Access Point | Een apparaat
dat wordt gebruikt om draadloze en bekabelde netwerken naadloos met elkaar te
verbinden. |
Ad hoc | Met een draadloze LAN van
het type ad hoc wordt een groep computers bedoeld die allemaal uitgerust zijn
met wireless adapters en als een onafhankelijke draadloze LAN op elkaar zijn aangesloten. |
AES | AES staat voor Advanced Encryption
System, dat een symmetrische 128-bit gegevenscodering gebruikt. Dit is een optie
binnen de WPA-PSK-coderingsmethode. |
Backbone | De
backbone vormt het hart van de infrastructuur van een netwerk. Het is het gedeelte
van het netwerk dat gegevens van het ene naar het andere centrale punt vervoert.

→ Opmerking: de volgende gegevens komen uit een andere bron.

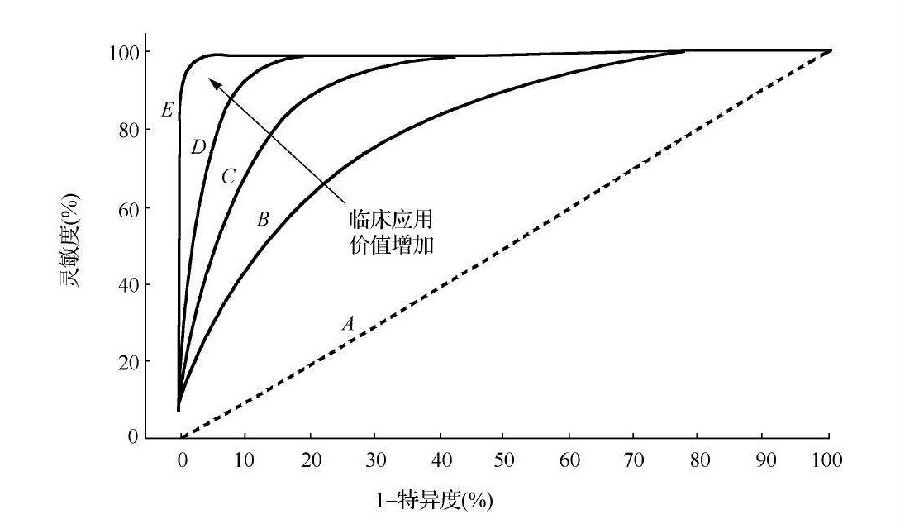 | 一、ROC曲線簡介 1.什么是ROC曲線 ROC曲線即受試者工作特征曲線(receiver operator characteristic curve,ROC),又稱為感受性曲線(sensitivity curve),是反映靈敏度和特異度連續(xù)變量的綜合指標(biāo),通常被用來直觀地確定某一種診斷方法(診斷試劑、診斷設(shè)備)的最優(yōu)診斷界值,即取靈敏度和特異度之和最大的截點(diǎn),盡量靠近曲線左上方的點(diǎn)。也可以用來對同一種疾病兩種以上的診斷方法的臨床應(yīng)用價(jià)值進(jìn)行粗略的比較評價(jià)。 傳統(tǒng)的ROC曲線解決的是“是”或“否”的問題,可以根據(jù)醫(yī)師對讀片結(jié)果類型的不同,分成二分類法和多等級法?紤]到在影像學(xué)中的應(yīng)用,除了判斷是不是病灶,還要考慮病灶所在的位置,以及是單發(fā)病灶還是多發(fā)病灶,需要對病灶進(jìn)行定性、定位、定量診斷,因此衍生出LROC(location-response operating characteristic)、FROC(free-response operating characteristic)、AFROC(alternative FROC)。 2.ROC曲線的繪制 由于醫(yī)師自身的學(xué)習(xí)背景、工作經(jīng)驗(yàn)等多方面存在差異,對影像學(xué)設(shè)備成像的讀片也有自己的尺度,即不同的醫(yī)師會有不同的診斷界值。根據(jù)不同的診斷界值對多幅影像做出診斷,并與金標(biāo)準(zhǔn)相對照,可分別計(jì)算出靈敏度和特異度。根據(jù)診斷界值從低到高取若干個(gè)截?cái)帱c(diǎn)(至少5組),逐個(gè)計(jì)算相應(yīng)的靈敏度(真陽性率)、特異度(真陰性率),以靈敏度為縱坐標(biāo),1-特異度(假陽性率)為橫坐標(biāo),標(biāo)出各工作點(diǎn),然后連接各點(diǎn)繪制而成的曲線。一般情況下,ROC曲線均處于(0,0)和(1,1)連線的上方,選取的工作點(diǎn)越多,曲線越平滑。 3.ROC曲線的應(yīng)用 ROC曲線主要有三方面應(yīng)用。首先,ROC曲線可以直觀地反映診斷方法的靈敏度和特異度;其次,也是最常用的,通過計(jì)算ROC曲線下面積(area under roc curve,AUC),對多個(gè)器械的臨床應(yīng)用價(jià)值進(jìn)行比較,是一個(gè)客觀直觀的指標(biāo)。如下圖的B-E四種影像設(shè)備的ROC曲線,E的AUC最大,臨床應(yīng)用價(jià)值最高。ROC曲線下面積的計(jì)算通?梢圆捎秒p正態(tài)參數(shù)法和非參數(shù)法進(jìn)行計(jì)算,這兩種方法計(jì)算的曲線下面積及其方差十分相近,所以在實(shí)際應(yīng)用中不必過分要求數(shù)據(jù)符合正態(tài)分布。最后,是曲線下部分面積,當(dāng)兩個(gè)器械的ROC曲線并不像圖中那樣,而是出現(xiàn)交叉時(shí),由于曲線下面積不能反映某一范圍內(nèi)的靈敏度與特異度優(yōu)劣,甚至可能會得出相反的結(jié)論,所以利用曲線下部分面積進(jìn)行比較,才能反映真實(shí)情況。 二、ROC曲線在影像學(xué)設(shè)備中的應(yīng)用 ROC曲線在影像學(xué)設(shè)備中應(yīng)用很多。 第一,可以根據(jù)曲線選擇診斷界值,達(dá)到最優(yōu)的靈敏度和特異度,使器械發(fā)揮最佳的效果,也可以通過曲線下面積判斷設(shè)備的成像質(zhì)量,通常0.9及以上的成像效果佳,0.7~0.9成像效果中等,0.5~0.7成像效果較低。這一應(yīng)用多體現(xiàn)在產(chǎn)品生命周期的設(shè)計(jì)開發(fā)階段,如深度學(xué)習(xí)輔助決策AI影像學(xué)軟件在設(shè)計(jì)開發(fā)過程中通過不同診斷界值的選擇,使軟件達(dá)到最優(yōu)的靈敏度特異度組合,發(fā)揮最大臨床應(yīng)用價(jià)值。 第二,是通過AUC來評判器械的變更。如某一影像設(shè)備在做影響到臨床應(yīng)用的許可事項(xiàng)變更時(shí),對于臨床應(yīng)用價(jià)值變化或成像質(zhì)量的判斷,可以通過變更前和變更后的各自AUC進(jìn)行比較。若AUC變大,或變化在科學(xué)合理的范圍內(nèi),則可以判定該許可事項(xiàng)變更臨床應(yīng)用相關(guān)部分是合格的。 第三,對不同影像設(shè)備的成像質(zhì)量進(jìn)行比較。通過計(jì)算AUC的大小,來評價(jià)兩種或多種同類型影像設(shè)備的臨床應(yīng)用價(jià)值的大小或成像質(zhì)量的優(yōu)劣。通過計(jì)算曲線下部分面積,也可以判斷在某一靈敏度、特異度范圍內(nèi)不同影像設(shè)備的臨床應(yīng)用價(jià)值或成像質(zhì)量。 除以上應(yīng)用外,ROC曲線還可以評價(jià)不同診斷醫(yī)師的診斷效能。值得注意的是,在應(yīng)用ROC曲線時(shí),病例的選擇和干擾因素的控制關(guān)系到是否能得到客觀真實(shí)的結(jié)論。 |

De gegevens worden dan naar een lokaal systeem gestuurd. |
Basisstation | In
de mobiele telecommunicatie wordt met een basisstation verwezen naar de centrale
radiozender of -ontvanger die de communicatie verzorgt met de mobiele radiotelefoons
binnen het bereik. In programma's voor mobiele telefoons en persoonlijke communicatie
heeft iedere cel of microcel een eigen basisstation en is ieder basisstation op
zijn beurt weer aangesloten op de basisstations van andere cellen. |
Bridge | Een internetwerkfunctie waarin de laagste twee lagen
van het OSI-model voor netwerkprotocollen opgenomen zijn. |
BSS |
De afkorting van Basic Service Set, hiermee wordt een acess point bedoeld dat aan meerdere draadloze stations gekoppeld is. |
ESS | De
afkorting van Extended Service Set, een roaming-domein. Het is mogelijk meerdere
BSS'en te configureren als een Extended Service Set. |
Ethernet | Een
populair lokaal communicatienetwerk dat gegevensoverdracht van computers en terminals
accepteert. Een Ethernet werkt op een 10 Mbps basisbandtransmissie via een afgeschermde
coaxkabel of via een afgeschermde, twisted-pair-telefoonkabel. |
Infrastructuur | De geïntegreerde draadloze en bekabelde LAN-configuratie.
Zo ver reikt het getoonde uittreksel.